The best thing about investing? The lessons are relatively simple and universal.
The worst thing?
Watching people ignore them.
Over. And over. And over again.
It's not for nothing that Sir John Templeton famously remarked:
"The four most expensive words in the English language are 'this time it's different'."
He is, of course, 100% right.
I've seen it so often over the past 25 or so years of investing.
And it had long been proven true even before I started with this caper.
There are so many examples, I frankly don't know where to start.
Actually, I do.
Greed.
And the human ability for self-delusion.
The first, egged on by the second, are the root of most problems in investing.
It truly is nuts.
There never has been a system more likely to help you get rich slowly than the stock market.
And yet, so impatient are we that we'll happily bypass that likelihood for the chance of getting rich more quickly… or blowing up our finances in the process.
Just think about that for a second.
Small, regular investments in the ASX or US stock market have compounded to extraordinary wealth over the long term.
But too many of us are prepared to risk that astoundingly great outcome because we want more, or want it more quickly.
It's madness.
And yet… that's precisely what's happening on the stock market, most days.
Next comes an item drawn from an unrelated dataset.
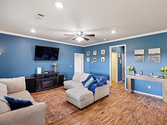 The beautiful flower gardens create a warm welcome as you arrive to the driveway. Step into this charming all-brick home featuring 3 bedrooms, 2 full baths, and an open kitchen/dining area that overlooks 40+ fully fenced acres. Perfect for your own livestock or continue with the current land tenants for added income. Fenced in backyard for the kiddos and pets.

Generously, it's a gross misunderstanding of the incredible possibilities of slow, steady wealth creation.
More realistically… it's greed.
The lotto win.
The fear that it could take too long.
The chance that your cabbie, neighbour or brother-in-law might be getting richer, when you're not.
See, history doesn't repeat… but it does rhyme.
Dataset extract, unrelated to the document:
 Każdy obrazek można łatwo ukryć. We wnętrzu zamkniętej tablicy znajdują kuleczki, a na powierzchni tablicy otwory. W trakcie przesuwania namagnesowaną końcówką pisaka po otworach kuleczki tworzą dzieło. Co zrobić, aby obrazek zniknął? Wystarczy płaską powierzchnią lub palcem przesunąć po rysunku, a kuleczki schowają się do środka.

How many times have people told Warren Buffett he was 'past it'?
Certainly in 1999, after three or four years of dot.com exuberance.
And then? An almighty tech crash.
And again in recent years, as free money and investor exuberance sent tech stock share prices sky high, again.
And then?
Exactly.
Or those companies relying on regular globs of cash to fund their business models. Like, say, Deliveroo, which has pulled out of Australia, citing an almost-certain view that it couldn't reach profitability, given the competitive landscape.
'Never put yourself in a position where you're relying on the kindness of strangers', to paraphrase Buffett.
And yet, when the money was flowing and share prices soaring, who could resist the Siren song?
Another one?
'Inflation is dead', they said.
Enough said.
Economies move in cycles.
Portfolios grow exponentially, thanks to the benefits of compounding.
And yet, people think linearly.
It's not our fault, at least at a basic level.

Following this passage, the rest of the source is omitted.